***** THE DATA

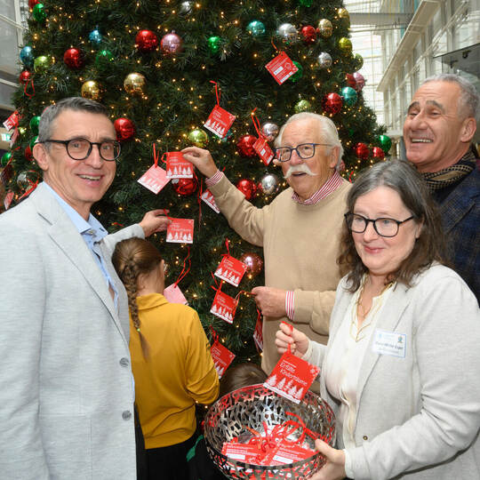 Wunschbaum im Pforzheimer Volksbank Haus geschmückt: Bedürftigen Kindern zu Weihnachten eine Freude machen
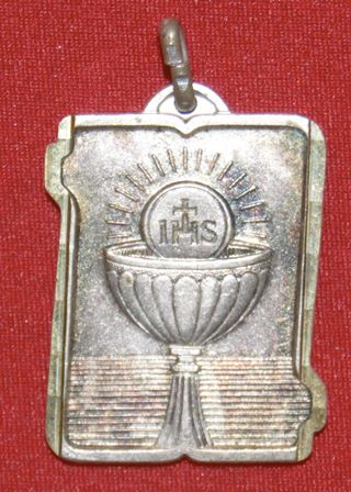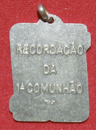 Medalla religiosa Primera Comunión Inscripción en Portugués Medidas Aproximadas: 27 mm x 21 mm #178
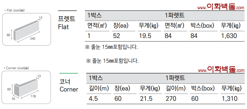 코너 SIZE : 178x60x55x13T m당/13.3장 (줄눈15mm기준)
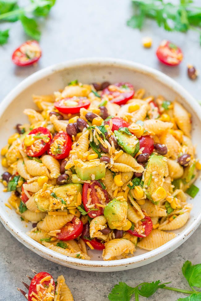 Taco Pasta Salad – EASY, ready in 20 minutes, and loaded with great Mexican-inspired ingredients including corn, black beans, tomatoes, cilantro, avocado, and more! Very kid-friendly (and adult friendly) and they’ll all want seconds!

**********

ASSIGNMENT: Output each line of the listing above, word for word, from the one holding "코너 SIZE : 178x60x55x13T m당/13.3장 (줄눈15mm기준)" through the last line, both included; omit the pictures.

EXERCISE ANSWER:
 코너 SIZE : 178x60x55x13T m당/13.3장 (줄눈15mm기준)
 Taco Pasta Salad – EASY, ready in 20 minutes, and loaded with great Mexican-inspired ingredients including corn, black beans, tomatoes, cilantro, avocado, and more! Very kid-friendly (and adult friendly) and they’ll all want seconds!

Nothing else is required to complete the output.